And as we’ll cover below, trademarks are the key protection that identify your products as your own.

To help you best understand your options, we’ll cover:

  • Copyleft vs. Permissive Licenses
  • The Most Popular Types of Open-Source Licenses (and Their Trade-Offs for Startups)
    • GNU General Public License (GPL)
      • Variations: AGPL and LGPL
    • Mozilla Public License (MPL)
    • Apache License 2.0
    • MIT License
  • A Word About BSL & Fair Source (Which Are Not Open Source)
  • The Importance of Copyrights, Patents, Warranties, and Trademarks
  • Best Practices for OSS Startups

As the founder of a startup building a product around an open-source project, you have options among different open-source licenses. Each comes with important benefits and trade-offs we’ll outline below.

Most Popular Licenses for OSS Startups - Heavybit

>> Click to zoom in on this infographic

Some of the most popular open-source licenses, ranked by strictness/permissiveness.

Copyleft vs. Permissive Licenses

A quick-and-dirty open-source definition–the term “open source” refers to software that, per the terms of its license, lets users inspect, modify, and redistribute–unlike the typical proprietary software license, which restricts all three.

In contrast to the Creative Commons Attribution license, which is often used for most forms of digital media and lets users modify and redistribute materials as long as the creator is credited, there are many different licenses for open source.

Rather than review the entire comprehensive list of licenses from our friends at the Open Source Initiative (OSI), we find that a useful shorthand for founders is to divvy them up into one of two categories:

Copyleft (Weak and Strong)

Copyleft (or “sharealike”) is considered a “stricter” class of open-source license. While copyleft licenses generally let users modify and use a project’s materials for their own purposes, they also stipulate reciprocity of copyright protection and information for any derivative work.
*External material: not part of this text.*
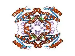 The short-chain dehydrogenases/reductases family (SDR)[2] is a very large family of enzymes, most of which are known to be NAD- or NADP-dependent oxidoreductases. As the first member of this family to be characterised was Drosophila alcohol dehydrogenase, this family used to be called[3][4][5] 'insect-type', or 'short-chain' alcohol dehydrogenases. Most members of this family are proteins of about 250 to 300 amino acid residues. Most dehydrogenases possess at least 2 domains,[6] the first binding the coenzyme, often NAD, and the second binding the substrate. This latter domain determines the substrate specificity and contains amino acids involved in catalysis. Little sequence similarity has been found in the coenzyme binding domain although there is a large degree of structural similarity, and it has therefore been suggested that the structure of dehydrogenases has arisen through gene fusion of a common ancestral coenzyme nucleotide sequence with various substrate specific domains.[6]

Specifically, projects derived from a copyleft project must also carry a copyleft license, and distribute source code alongside any executables. Because of their requirements, copyleft is less compatible with other software licenses, which makes joint distribution more challenging. As such, copyleft licenses aren’t used as often for closed-source, proprietary software projects.
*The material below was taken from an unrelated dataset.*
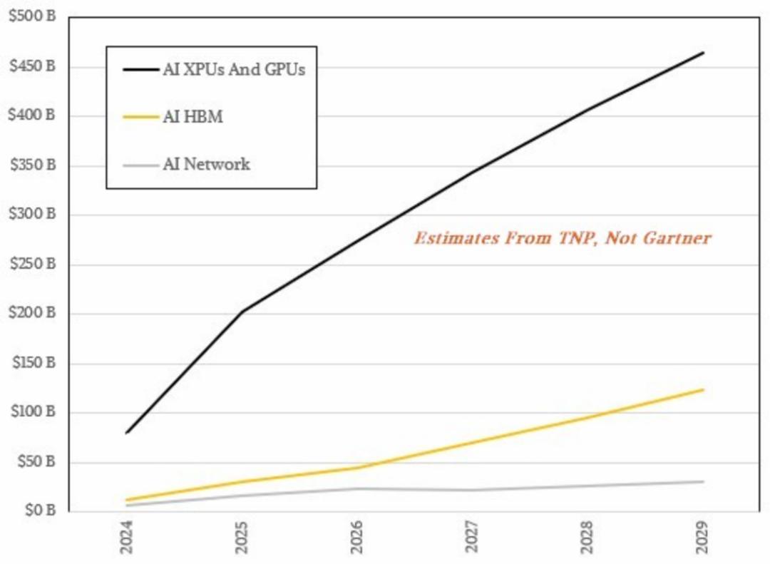 今天,我们将对Gartner 的年度全球半导体销售细分数据进行深入分析和补充,特别关注 AI XPU、HBM 内存和网络收入,因为它们正以越来越快的速度增长,并在每年销售或委托制造的芯片中所占比例越来越大。

Weak copyleft variants have lighter requirements around whether derivative projects must also be copyleft. Most commonly, weak copyleft licenses make exceptions for open-source components such as a project’s software library, which other software products (that use a different license) may link to, without being subject to copyleft licensing requirements themselves.

GPL is an example of a strong copyleft license. MPL is an example of a weak copyleft license.

Permissive

One of the earliest open-source licenses was the Berkeley Software Distribution (BSD) license. Since the advent of the BSD license, other, more startup-friendly permissive licenses have emerged, which generally carry fewer restrictions than copyleft licenses, including the BSD 3-clause variant, which covers redistributions of source code and binaries, as well as restrictions on endorsements, and the Unlicense, which carries copyright protections but little else.

Permissively-licensed open-source projects generally let users utilize, modify, and redistribute their materials, so long as they provide attribution to the original source. License compliance is generally much easier for permissively-licensed projects.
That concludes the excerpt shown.